Provided entries:

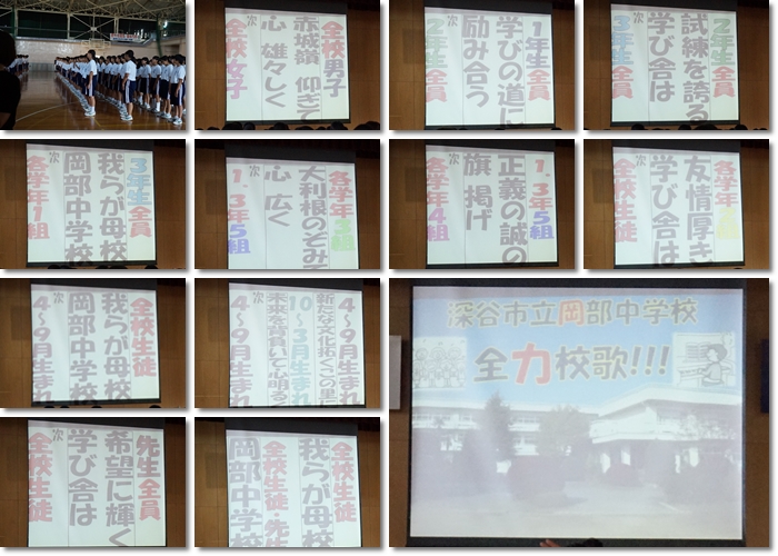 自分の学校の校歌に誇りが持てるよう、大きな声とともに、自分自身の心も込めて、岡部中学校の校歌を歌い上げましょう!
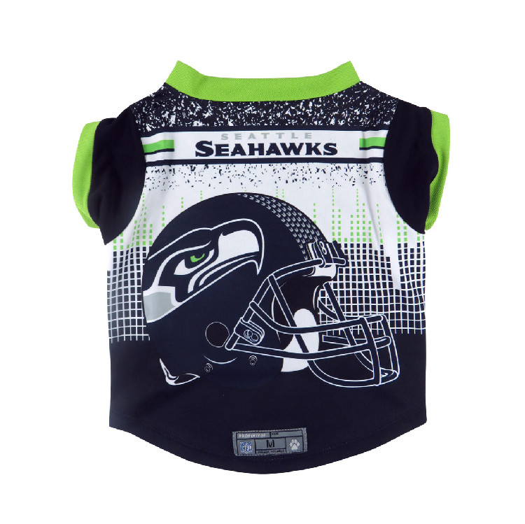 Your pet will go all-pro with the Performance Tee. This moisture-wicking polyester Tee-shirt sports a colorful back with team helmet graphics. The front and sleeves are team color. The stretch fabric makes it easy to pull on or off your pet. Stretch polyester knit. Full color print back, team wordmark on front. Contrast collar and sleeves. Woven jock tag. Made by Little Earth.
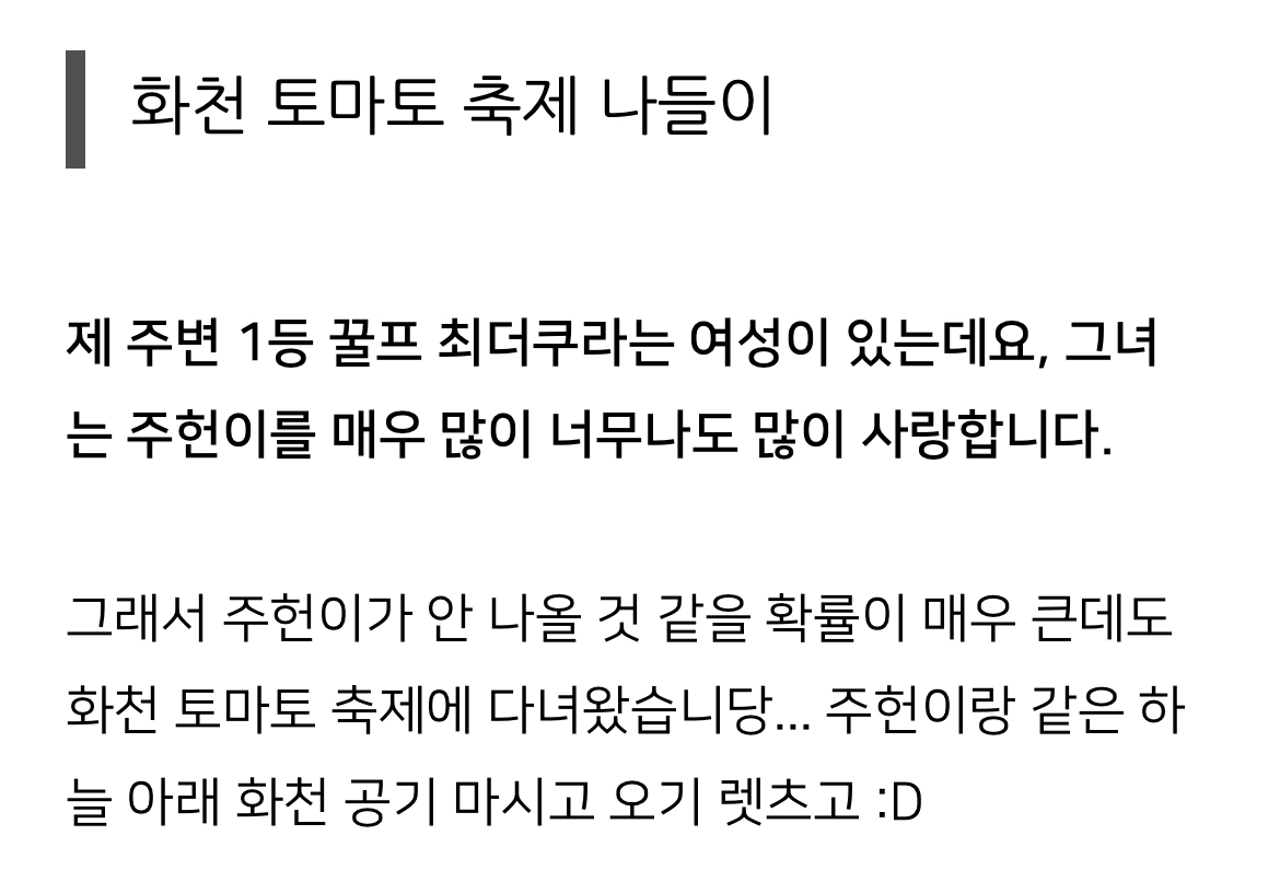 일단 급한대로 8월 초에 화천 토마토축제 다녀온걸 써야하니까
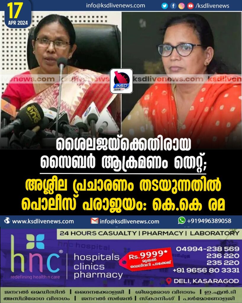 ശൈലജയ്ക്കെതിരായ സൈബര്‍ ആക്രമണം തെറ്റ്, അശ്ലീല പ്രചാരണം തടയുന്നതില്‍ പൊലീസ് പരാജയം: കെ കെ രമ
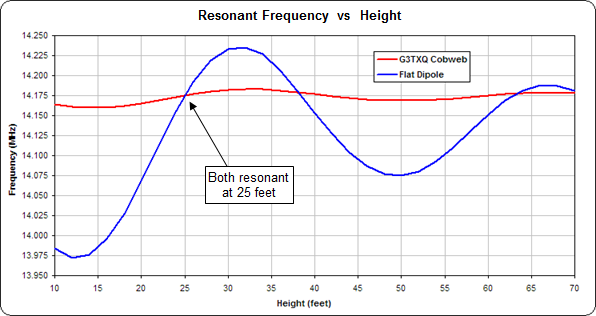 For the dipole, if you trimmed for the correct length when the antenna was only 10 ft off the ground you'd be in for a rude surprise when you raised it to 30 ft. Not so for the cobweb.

Description of the task:
Reproduce all of the material exactly, apart from the pictures.

Finished task:
 自分の学校の校歌に誇りが持てるよう、大きな声とともに、自分自身の心も込めて、岡部中学校の校歌を歌い上げましょう!
 Your pet will go all-pro with the Performance Tee. This moisture-wicking polyester Tee-shirt sports a colorful back with team helmet graphics. The front and sleeves are team color. The stretch fabric makes it easy to pull on or off your pet. Stretch polyester knit. Full color print back, team wordmark on front. Contrast collar and sleeves. Woven jock tag. Made by Little Earth.
 일단 급한대로 8월 초에 화천 토마토축제 다녀온걸 써야하니까
 ശൈലജയ്ക്കെതിരായ സൈബര്‍ ആക്രമണം തെറ്റ്, അശ്ലീല പ്രചാരണം തടയുന്നതില്‍ പൊലീസ് പരാജയം: കെ കെ രമ
 For the dipole, if you trimmed for the correct length when the antenna was only 10 ft off the ground you'd be in for a rude surprise when you raised it to 30 ft. Not so for the cobweb.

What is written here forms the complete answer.